My father grabbed her leg, and her knee hit the table-bottom. She said, “I am being very serious.”

“We can’t flirt when you’re serious?”

“You can flirt to me all that you want, but if I am being very serious, you cannot expect me to flirt back to you,” she said. And then, as if the over-immigranted English weren’t enough (my mother knew as well as anyone that people flirt with each other, not to each other; knew that the more she sounded like the earnest academic Sabra, the more endeared my father became), she flicked a blush-colored spot onto my father’s neck with her pointer.

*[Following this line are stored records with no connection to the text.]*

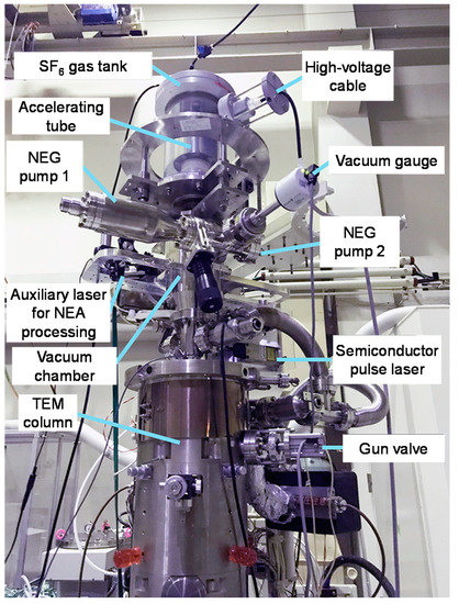 Figure 2 shows the appearance of a pulse TEM equipped with the developed photocathode electron gun. The pulsed electron gun consists of an ultrahigh vacuum chamber capable of NEA surface processing, an acceleration tube, an ion pump, two non-evaporable getter (NEG) pumps, a Cs vapor deposition source for NEA surface processing, a semiconductor pulse laser for pulse electron generation, and an auxiliary laser for photocurrent measurement during NEA surface processing. The accelerating voltage is 50 kV, and the ultimate vacuum of the chamber is ~5 × 10−9 Pa. The wavelength of the semiconductor pulse laser for pulse electron generation is 404 nm, and it is possible to generate pulses from continuous wave (CW) to nanoseconds. The pulse electron gun was assembled by installing it to the Hitachi HF-2000 TEM (Hitachinaka, Ibaraki, Japanc) from which the cold field-emission electron gun and the acceleration tube were removed.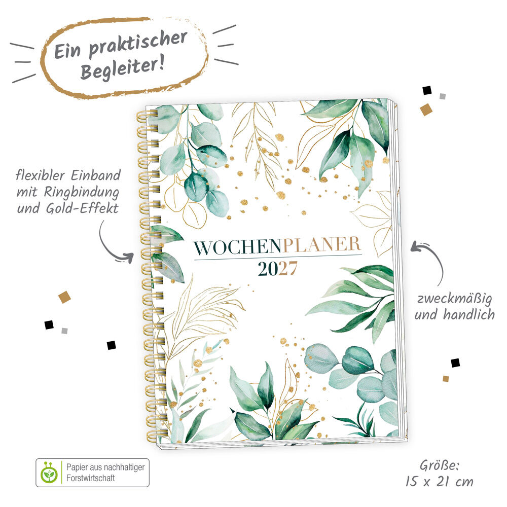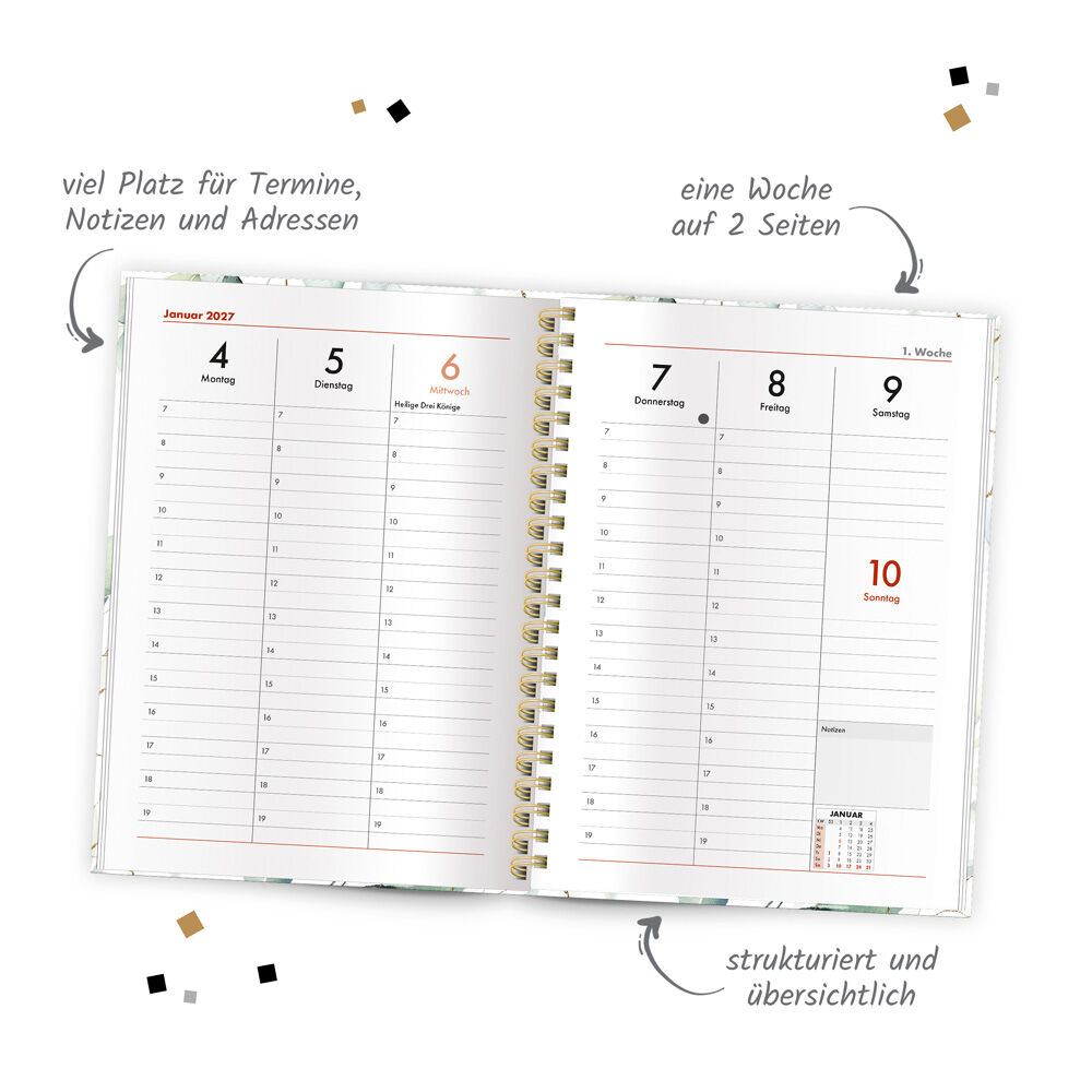 Dieser wunderschöne Wochenplaner mit Ringbindung überzeugt mit einem zauberhaften Design. Die übersichtliche Wochenansicht auf zwei Seiten bietet viel Platz zum Eintragen und Strukturieren von Terminen und Aufgaben. Dank Jahresübersicht, internationaler Telefo...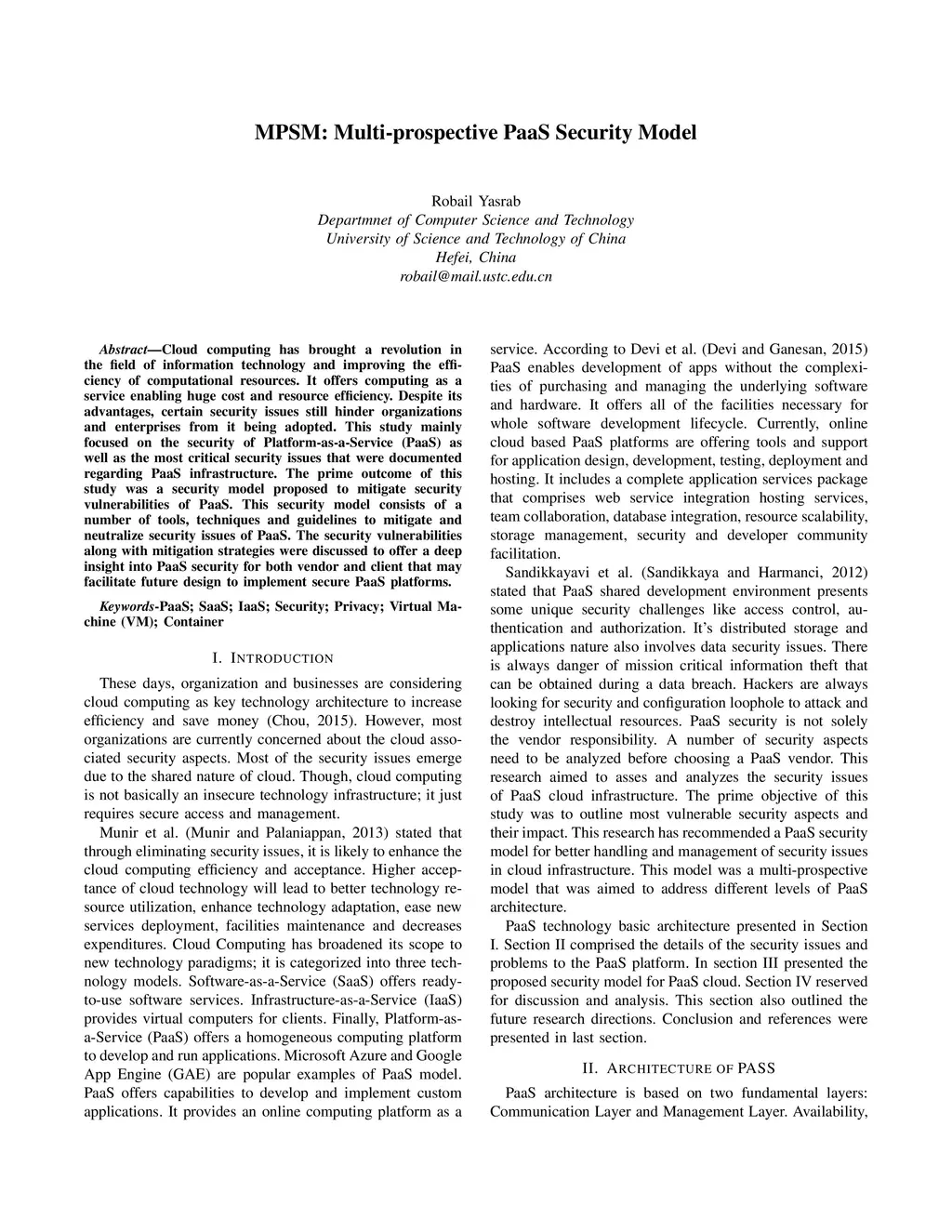 MPSM: Multi-prospective PaaS Security Model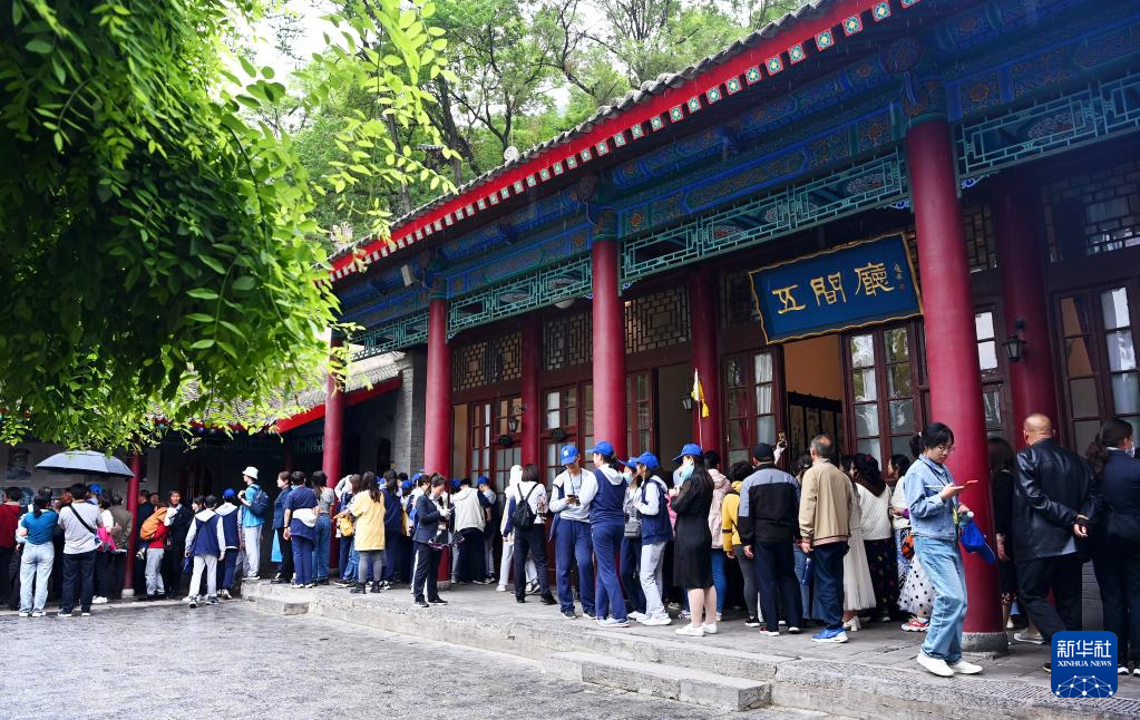 游客在西安华清宫景区“西安事变”旧址参观游览(5月5日摄)。

“Are you paying attention to this, Gurion?” said my dad. “This is a useful lesson, here: when a female talks about flirting, the talk itself is flirting.”

“That is only partly correct,” my mom said. “For the smartest and the handsomest male in the world, a mention of flirting is almost sure to be a flirtation in itself, but when the male is not the smartest and handsomest, the rule fails to predict. Therefore, if a woman talks to this man about flirting, she may well not be flirting with him, for how can he be the smartest and the handsomest while also being the father of the smartest and the handsomest? He cannot.”

I said, Pssh = Stop looking at me that way.

My father said, “Your mother’s mostly right, Gurion, but she fails to tell you that when a female who you are flirting with is some kind of toughguy, and that female pulls your earlobe or flicks you on the neck rather than smashing your nose or belting you where it counts, both of which she, being such a hardnosed brawler, is capable, the neck-flicking or lobe-pulling is a sure sign that she is flirting with you, regardless of how smart or handsome you may be.”

My mom pretended to punch my dad in the nose and he kissed her on the knuckles.